Widget 5: Keywords with largest revenues
The table contains 10 words responsible for the highest product revenue during the selected time period. The conversion rate in this table will almost always be higher than average since this widget is sorted by highest revenue.
Widget 6: Keywords with largest average order
Visits originating from keywords in this table result in the highest average order value. You will need a fairly large amount of data before this table has some form of statistical significance.
Widget 7: Visits and revenue by channel
This widget shows how many visits and revenue comes from organic search and how it stands in relation to other channels such as paid search or social networks.
Widget 8: Most popular keywords
This widget will help you to see the top 10 keywords that visitors type into a search engine’s input field before clicking “search” and then clicking on your particular web page in search results. The column “Per Session” tells you how much income each visit for each of these search terms has generated – on average.
Widget 9: Internal search terms
The prerequisite for this widget is that you set the tracking of internal search (how people use search on your site) in Google Analytics. The table shows what people are looking for on your site. Many searches and a low number of transactions for a particular keyword or phrase can give you inspiration for the supply of the products you can expand.
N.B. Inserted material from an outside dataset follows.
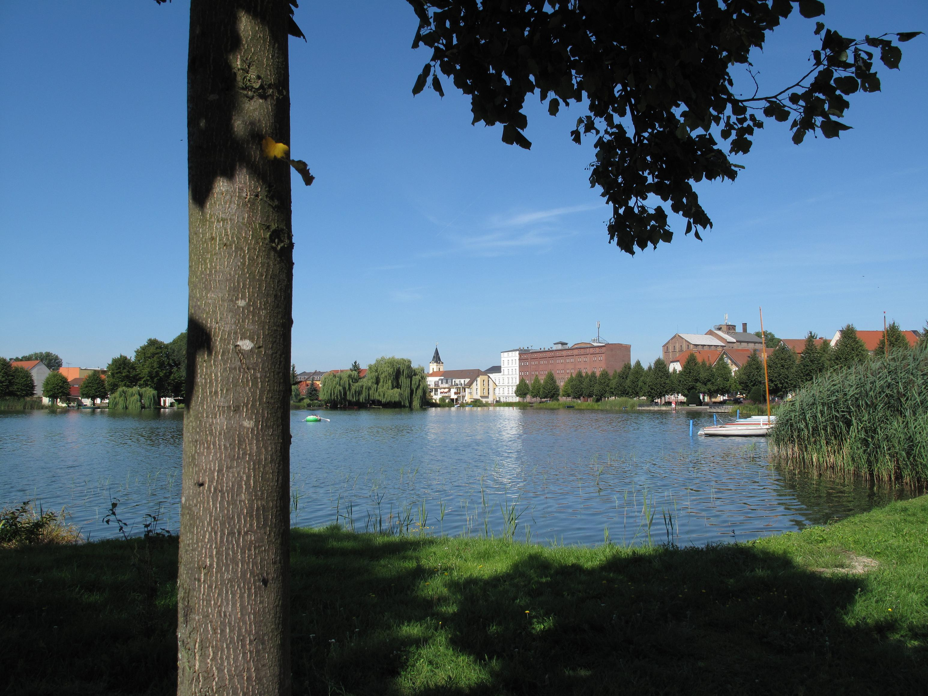 View from the eastern bank of the Großer Müllroser See to Müllrose. The lake is situated between the town Müllrose in the north and the municipality Mixdorf in the south in the District Oder-Spree, Brandenburg, Germany. The lake covers 1,32 km² and is a part of the Schlaube Valley Nature Park.

Here you can download the template for SEO Overview dashboard.
How to set up Site Search
Site search must be set up for each reporting view in which you want to see user search activity. To set up Site search for a view:
- Sign in to your Google Analytics account
- Navigate to a view in which you want to set up Site search.
- Click View Settings
- Under Site Search Settings, set Site search tracking to ON.
- In the Query Parameter field, enter the word or words that designate an internal query parameter, such as “term, search, query”. Sometimes the word is just a letter, such as “s” or “q”. Enter up to five parameters, separated by commas.
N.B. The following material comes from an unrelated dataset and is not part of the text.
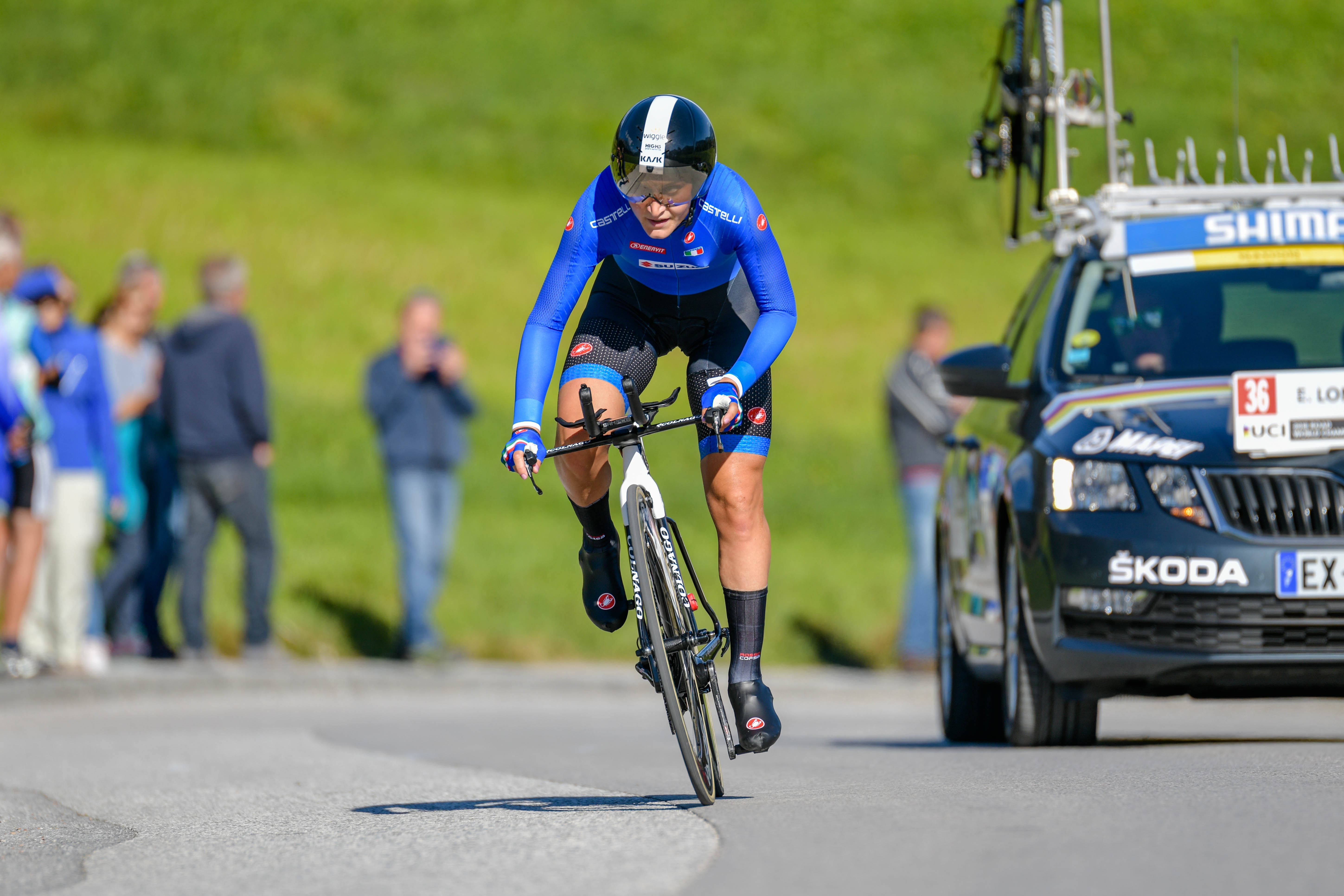 2018 UCI Road World Championships Innsbruck/Tirol Women Elite Individual Time Trial. Picture shows: Elisa Longo Borghini of Italy

- Select whether or not you want Analytics to strip the query parameter from your URL. This strips only the parameters you provided, and not any other parameters in the same URL.
- Select whether or not you use categories, such as drop-down menus to refine a site search.
If you select No, you are finished. Click Save Changes.
If you select Yes:
- In the Category Parameter field, enter the letters that designate an internal query category such as ‘cat, qc’.
- Select whether or not you want Analytics to strip the category parameters from your URL. Note that this strips only the parameters you provided, and not any other parameters in the same URL. This has the same functionality as excluding URL query parameters in your Main view: if you strip the category parameters from your Site Search View, you don’t have to exclude them again from your Main View.